» EXTRACTED RECORDS:
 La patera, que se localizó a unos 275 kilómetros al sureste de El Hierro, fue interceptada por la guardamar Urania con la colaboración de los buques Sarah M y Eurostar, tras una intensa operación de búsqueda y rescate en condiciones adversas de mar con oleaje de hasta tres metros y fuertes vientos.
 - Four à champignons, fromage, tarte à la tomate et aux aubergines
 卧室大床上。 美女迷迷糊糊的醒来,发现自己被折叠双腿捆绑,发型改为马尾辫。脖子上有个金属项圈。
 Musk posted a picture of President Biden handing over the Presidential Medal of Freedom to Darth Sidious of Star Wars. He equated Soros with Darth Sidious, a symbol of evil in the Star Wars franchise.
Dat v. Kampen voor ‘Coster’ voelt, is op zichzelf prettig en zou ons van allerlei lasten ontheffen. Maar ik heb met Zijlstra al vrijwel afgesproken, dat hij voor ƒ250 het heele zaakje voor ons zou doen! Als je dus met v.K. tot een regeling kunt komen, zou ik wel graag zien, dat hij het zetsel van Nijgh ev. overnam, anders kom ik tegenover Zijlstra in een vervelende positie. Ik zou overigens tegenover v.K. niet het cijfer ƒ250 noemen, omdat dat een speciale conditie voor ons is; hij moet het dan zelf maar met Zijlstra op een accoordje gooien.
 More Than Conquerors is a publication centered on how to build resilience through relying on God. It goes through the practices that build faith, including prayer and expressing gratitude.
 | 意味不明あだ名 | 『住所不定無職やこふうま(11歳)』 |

==

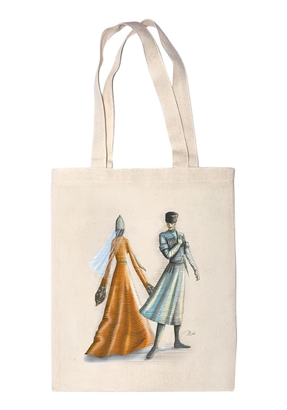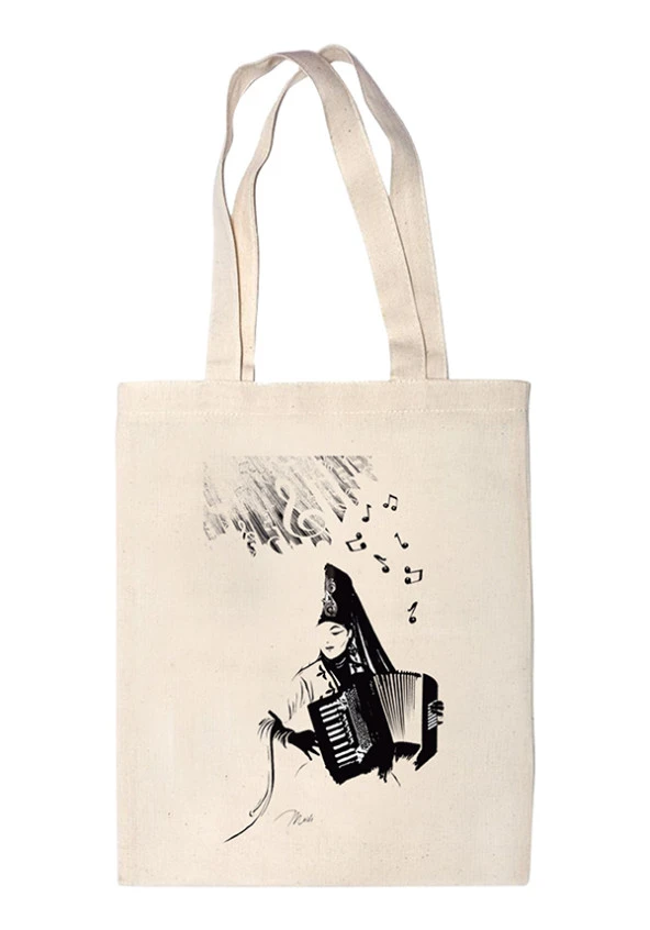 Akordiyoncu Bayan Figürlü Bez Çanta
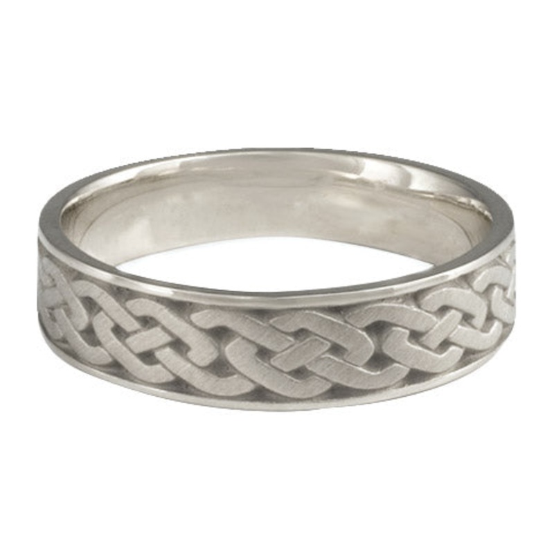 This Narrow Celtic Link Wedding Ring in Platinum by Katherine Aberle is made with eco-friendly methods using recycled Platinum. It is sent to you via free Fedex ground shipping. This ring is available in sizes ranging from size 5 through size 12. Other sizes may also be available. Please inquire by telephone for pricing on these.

» GOAL OF THE EXERCISE: Your answer should consist only of the lines above between the line holding "La patera, que" and the line holding "卧室大床上。 美女迷迷糊糊的", inclusive, each transcribed exactly.

» REPLY TO THE EXERCISE:
 La patera, que se localizó a unos 275 kilómetros al sureste de El Hierro, fue interceptada por la guardamar Urania con la colaboración de los buques Sarah M y Eurostar, tras una intensa operación de búsqueda y rescate en condiciones adversas de mar con oleaje de hasta tres metros y fuertes vientos.
 - Four à champignons, fromage, tarte à la tomate et aux aubergines
 卧室大床上。 美女迷迷糊糊的醒来,发现自己被折叠双腿捆绑,发型改为马尾辫。脖子上有个金属项圈。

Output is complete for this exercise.